Leave every picture out. Set down all the lines below exactly.

Data segment below:

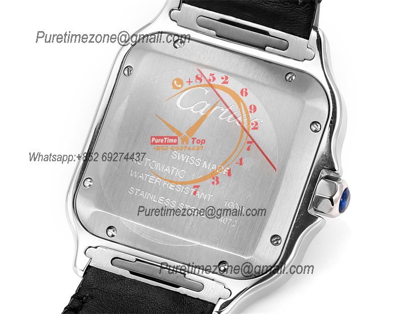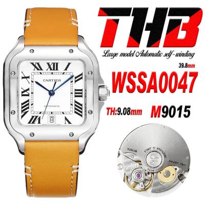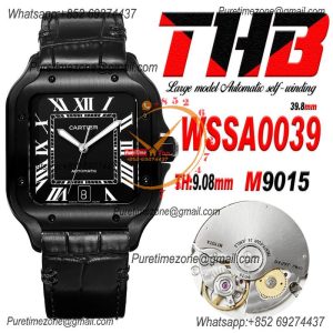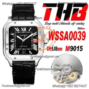 Santos WSSA0047 Large Model 39.8mm M9015 Automatic Mens Watch Best Edition THBF SS Black Dial Leather CHS
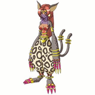 - Lynxmon: A flaming leonine Digimon. He is disguised as a lion and intimidates Piedmon's victims to walk the rope in his special sessions.
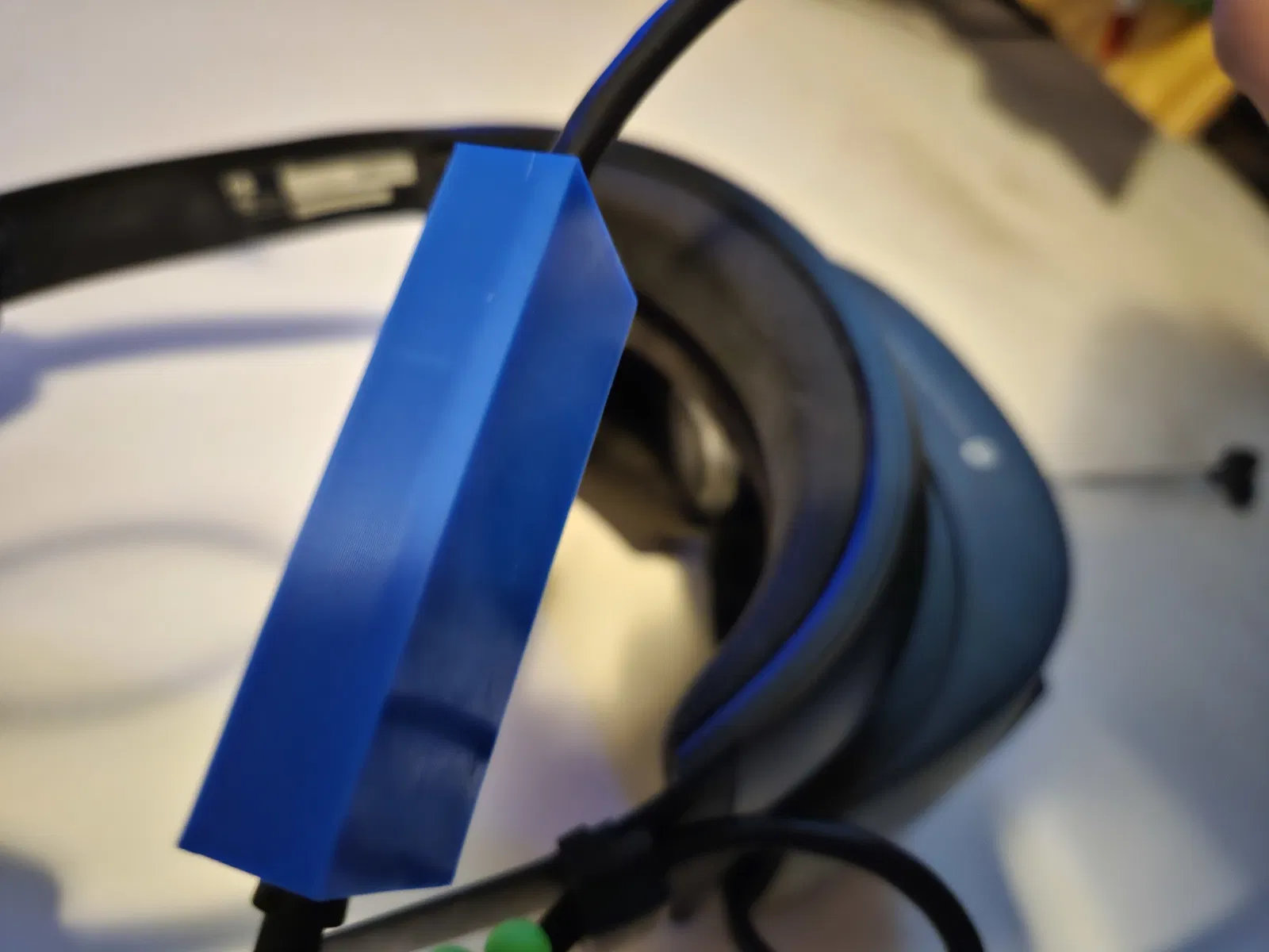 Cái kẹp này giúp cố định dây của kính HP Windows Mixed Reality, tránh bị tuột ra khi đang chơi game. Được thiết kế bằng openscad nên có thể tùy chỉnh dễ dàng theo kích thước đầu nối và dây cáp.

End of Data segment.

▶ **Answer section**
 Santos WSSA0047 Large Model 39.8mm M9015 Automatic Mens Watch Best Edition THBF SS Black Dial Leather CHS
 - Lynxmon: A flaming leonine Digimon. He is disguised as a lion and intimidates Piedmon's victims to walk the rope in his special sessions.
 Cái kẹp này giúp cố định dây của kính HP Windows Mixed Reality, tránh bị tuột ra khi đang chơi game. Được thiết kế bằng openscad nên có thể tùy chỉnh dễ dàng theo kích thước đầu nối và dây cáp.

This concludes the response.